I wrote about being depleted in another blog post regarding how life’s challenges can take a toll on our relationship. In this blog, I am referring to the balance of giving and receiving in relationship as well as taking care of you (giving to oneself).

I have (in a past session) encouraged my client to take some time for herself when she comes home from work; rather than walking in the door and interacting with her family when she has nothing left to give them after a challenging day at work. I encouraged her to take 20 or 30 minutes to herself. She said that this would make her feel guilty. But I suggested to her that her family would enjoy her more if she were refreshed and replenished by taking the time. She continued to struggle so I shared part of my story with her in the hope that it would help with her guilt.

I shared with her that I remember when my children would be waiting at the door for me when I came home from work. I worked long days and got home very late. I missed my children when I was at work while at the same time I felt like I had nothing left to give to them when I got home, which made me feel awful. I knew that all I needed was 20 or 30 minutes for myself to replenish so that I could give a bit more of myself to my children. But I would feel so terribly guilty. How could I possibly ask for more time away from my children when I felt that I was giving so little of myself to them on a workday? However, when my son was an adult, he once said to me, “When you came home from work when I was a teen and I shared my day with you, I felt like you were not really that interested.” Ouch! And yet I was grateful that he could share with me how he felt. And I learned that he sensed my depletion even though I tried my best to be present. So I encourage people to take 20 or 30 minutes to themselves, if needed, when they come home from work – even if they feel guilty. I suggest that if you are refreshed and replenished by taking time for you, your family will enjoy you more. Most spouses will understand that if you take time for yourself when you need it, you will be able to be more present (emotionally) with your family.

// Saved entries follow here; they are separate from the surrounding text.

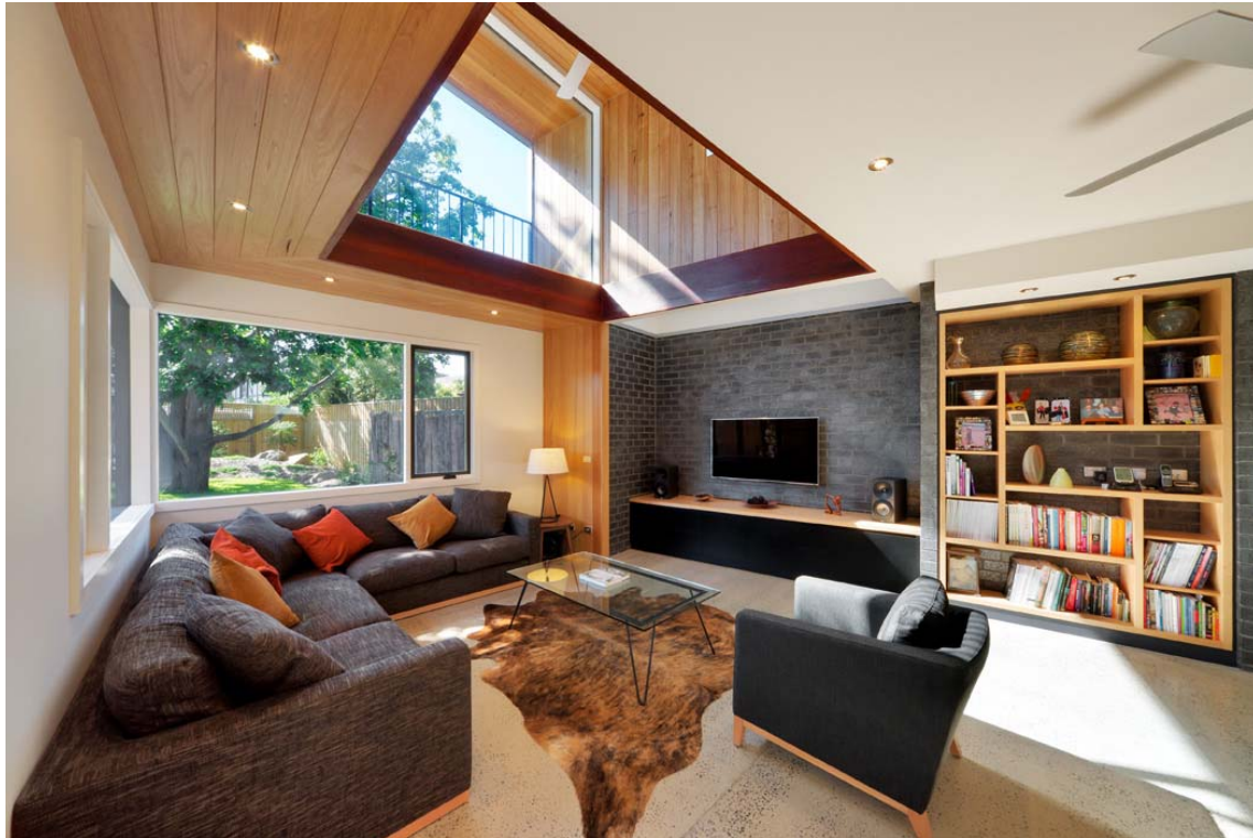
Liquid Amber in East Brighton by Zen Architects

Liquid Amber is among the state’s most exciting new architecture projects entered in this year’s Australian Institute of Architects’ Victorian Architecture Awards .
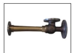
Complete or Spares for Ejectors
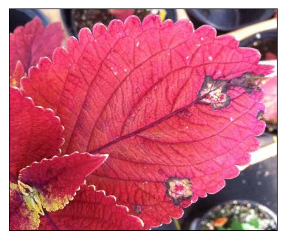
Ringspots caused by INSV.

Where trade names, proprietary products, or specific equipment are listed, no discrimination is intended and no endorsement, guarantee or warranty is implied by the authors, universities or associations.
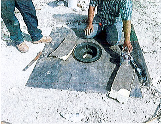
Install Metal Plate (1 of 4)
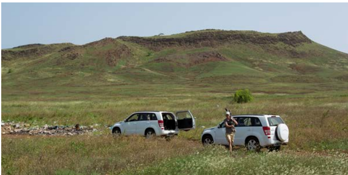
Praia airport, Santiago.

Cattle Egret 1500 Black-crowned Night Heron 1 Squacco Heron 5 Little Egret 20 Bourne's Heron 4 Glossy Ibis 4 Grey Heron 6 Eurasian Spoonbill 10 Common Moorhen 5 Spectacled Warbler 1 Common Waxbill 10

Additionally I asked her what she does to “fill her tank”, meaning what does she do to take care of herself so that she doesn’t get to the place of feeling depleted. She described that she didn’t have the time. Work takes much of her time, and she wants to give to her family when she is home. She wants to spend individual time with her children as well as together time with her family. She wants to spend time with her husband as well. She wants to be there for her family. But she now recognizes that she does not give to herself. That does not mean that her husband does not do kind and giving things for her; he does. But all of us need self-care.

Too much giving to others will leave anyone feeling depleted and, therefore, resentful and angry.

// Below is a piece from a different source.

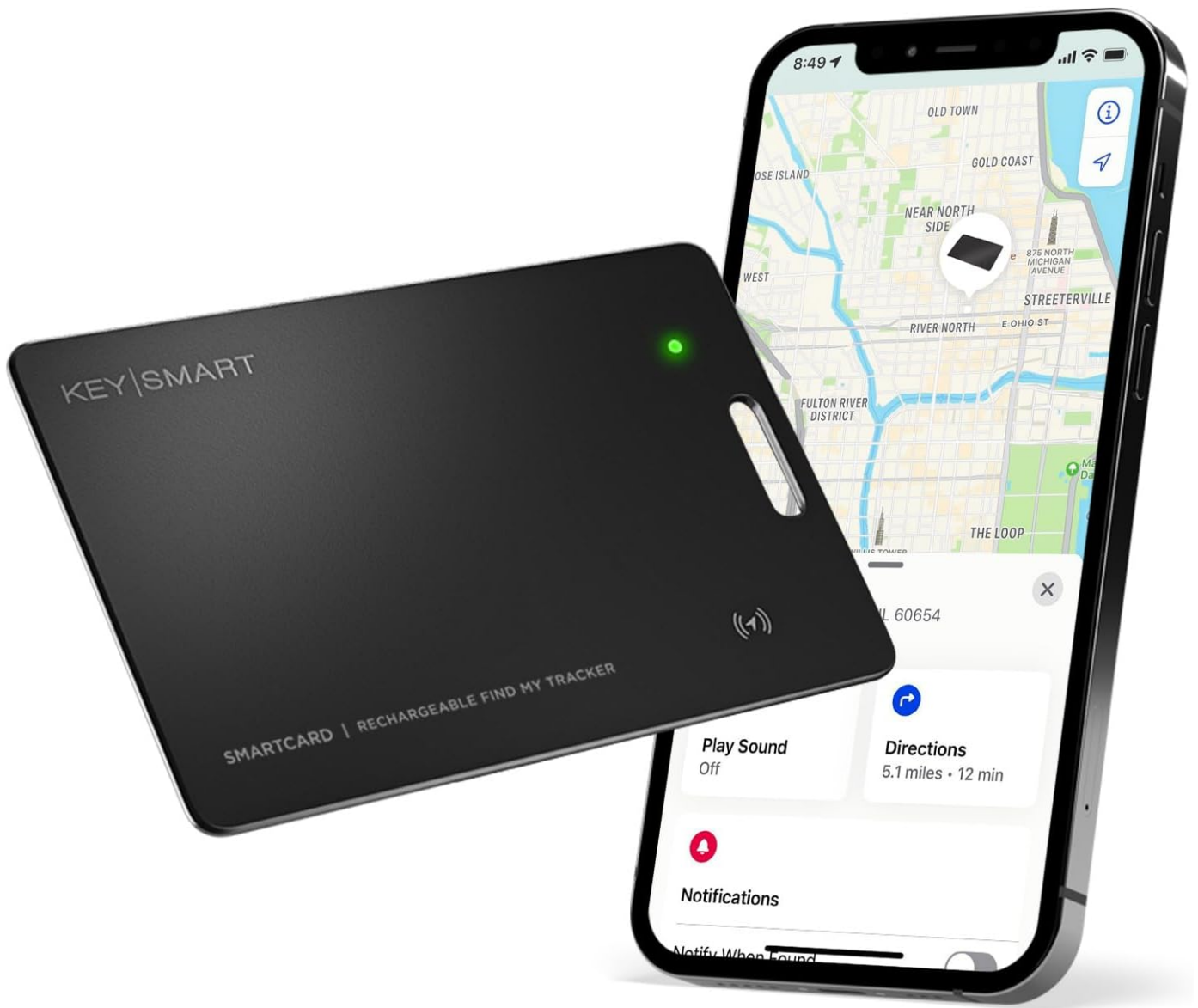
Image: The KeySmart SmartCard seamlessly integrates with the Apple Find My app, allowing you to view its location on a map.

Think about imbalances this way: if you over-water or under-water your garden, your garden will not grow, or it will die, over-eating causes us to be sick, too much isolating vs. being with others leaves us feeling lonely, too much feeling not balanced with logic will lead to feeling emotionally out of control. Anything that is ‘out of balance’ in nature, life, anything……..will have a negative consequence.

The negative impact on your relationship is that you will not feel loving, connected, and close to those you love.

If I find that a person continues to struggle with finding time for themselves because it would leave them feeling guilty, I can usually help them understand that “giving to oneself is also giving to those you love”. If you provide self-care and self-nurturing, you will be happier, more content, peaceful, and in a more positive frame of mind rather than feeling resentful and angry. Even if you try to hide your resentment and anger, believe me, (as I later learned) those around you can feel it. The balance of giving and receiving in relationships will create a deepened sense of connection. Remember though, I am also referring to giving to you.

So what is self-care? What does it look like? Well, it is different for everyone, some say that it is going out with a friend, pampering oneself and having alone time. For others, it is gardening, reading a book, and /or playing anything, having fun. So discover what it is that nurtures you (men too) and do it for you and those that you love. You and your relationship will benefit in ways that you can hardly imagine!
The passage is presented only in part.